:: Problem details ::
Go through the material below and copy all lines with "similar".

:: Records to use ::

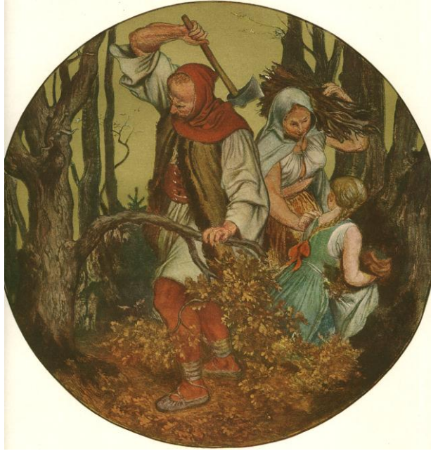
Fig. 2: Josef Mánes (1865-66): November (repro from the monograph Mánesův orloj /Mánes Astronomical Clock/ , SNKLHU Praha, 1953

Bedřich Havránek (1821-1899), disciple of A. Mánes and M. Haushofer in particular, used to be blamed for non-pictorial documentarity. Following the footsteps of his teachers, he sought romantic mountainous sceneries too, but succeeded in capturing at a level of scientific illustration the segments of "common" landscapes and woods as well. In the period of years 1854-1856, he depicted in multiple variants and by very detailed drawing a Beech Forest /Bukový les/ , giving highly valuable evidence about the sprouting capacity of beech in the surroundings of Choltice in the Železné hory Mountains. His Cottage in Broadleaved Forest /Chalupa v listnatém lese/ (1863) is standing amidst most likely a hornbeam coppice.
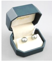
Lot # 559
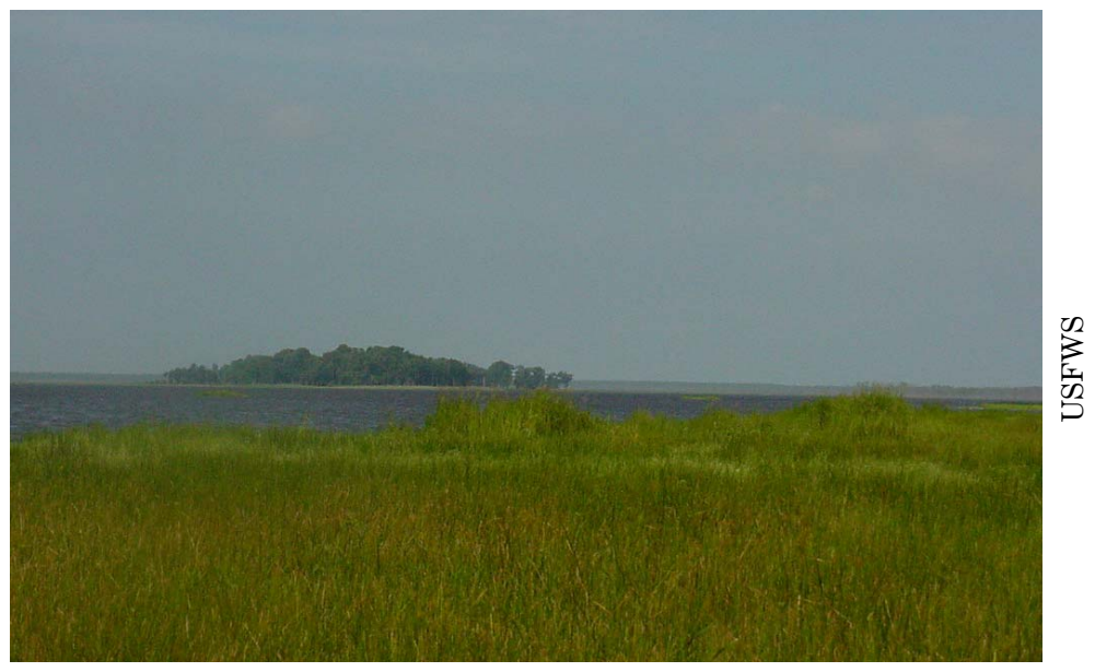
The\ Chesapeake\ Bay\ islands\ provide\ unique\ habitats\ for\ colonial\ nesting\ birds
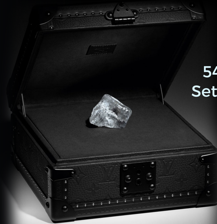
549 ct Sethunya

Lucara will participate in all sales of polished diamonds resulting from the Sethunya and 50% of polished sales resulting from the Sewelô with a further commitment from LV to contribute 5% of all Sewelô retail jewelry sales towards community-based initiatives in Botswana
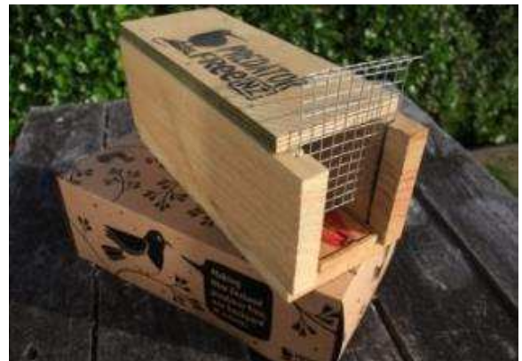
We'd like to make wooden tunnels similar to these

in touch via email, or keep an eye on the PFPH Facebook page for updates.
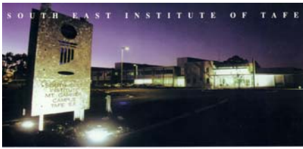
TAFE Mt. Gambier with Woods Bagot Architects.
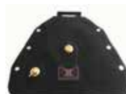
6 or 9 gl fuel bladder
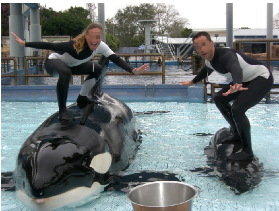
Figure 1. The mixed messages exhibited by some facilities are clear. Here, two higher-echelon trainers mimic 'surfing' on two orca forced into shallow water at SeaWorld Parks & Entertainment in Orlando, Florida USA. The younger orca (right) not only has its blowhole nearly submerged, but the spine, neck and skull are not fully developed at this young age (the calf was approximately 1.5 years old during this event and as such skeletal structures were potentially impacted by the weight of an adult male human standing on her). Normalising harmful interactions such as this contradicts the PR of respect, kinship and bonds as well as any conservation messages. It may also have spillover effects with interactions in the wild and draws into question the management cultures of facilities, as well as the fee-based and industry-driven associations which find practices such as this acceptable. Photo supplied to authors ( circa 2009).

The dichotomy between principle and income plagues every business sphere and as such it is not a new phenomenon, or one unique to the field of wildlife conservation (Watson, 2017). Wildlife (in these examples marine mammals), unlike their human counterparts, have no direct recourse of their own and should not bear the costs of putting 'box office' proceeds/income before principle. Captive facilities ask that marine mammals under their care be ambassadors for the species; accordingly, it is only fair that facilities be ambassadors of how to treat marine mammals with respect and dignity.
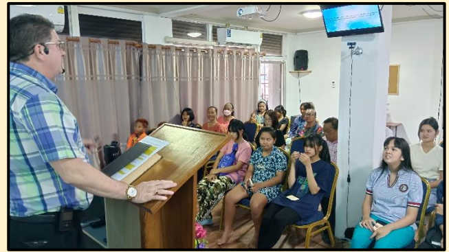
We worship before the children go to their Bible class.
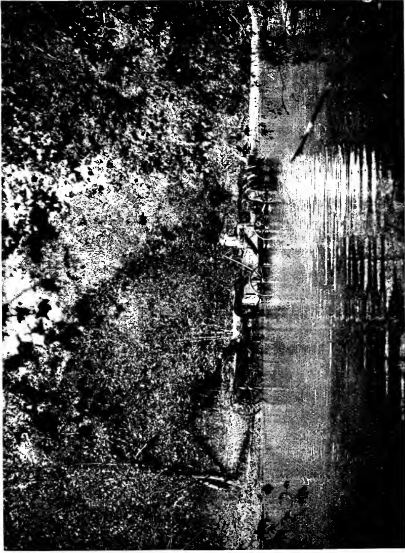
In the country about Lincoln's first home they ford most of the streams rather than build bridges
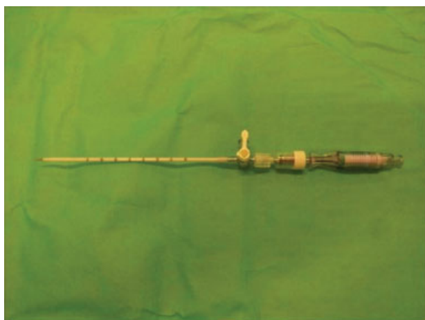
Fig. 1 Turkel Safety thoracentesis and paracentesis system of Covidien.

as a last attempt, despite the expectation of only marginal improvement, another chest drain (same type) was placed. While placing the chest drain, fresh blood came out of the drain. Without any further alternative treatment options, the boy died within minutes. The parents consented to postmortem imaging but not an autopsy or any other invasive procedure.
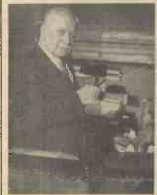
A recent portrait of Lehár, whose "Count of Luxemburg" forms the Beromünster programme at 6.55 p.m.
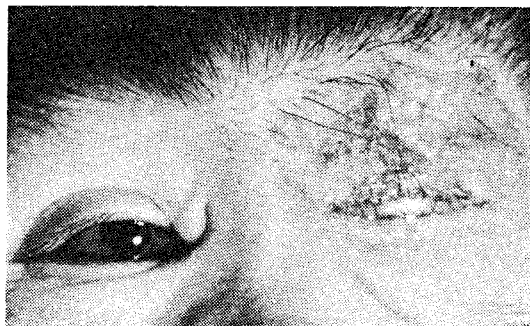
Fig. 2 Orbital oedema with ulceration in monkey 26 at 20 days.

this strain and was useful in assessing the progress of the infection. Such a reaction was rare in Beagle dogs inoculated in a similar manner.

:: Your solution ::
We'd like to make wooden tunnels similar to these
this strain and was useful in assessing the progress of the infection. Such a reaction was rare in Beagle dogs inoculated in a similar manner.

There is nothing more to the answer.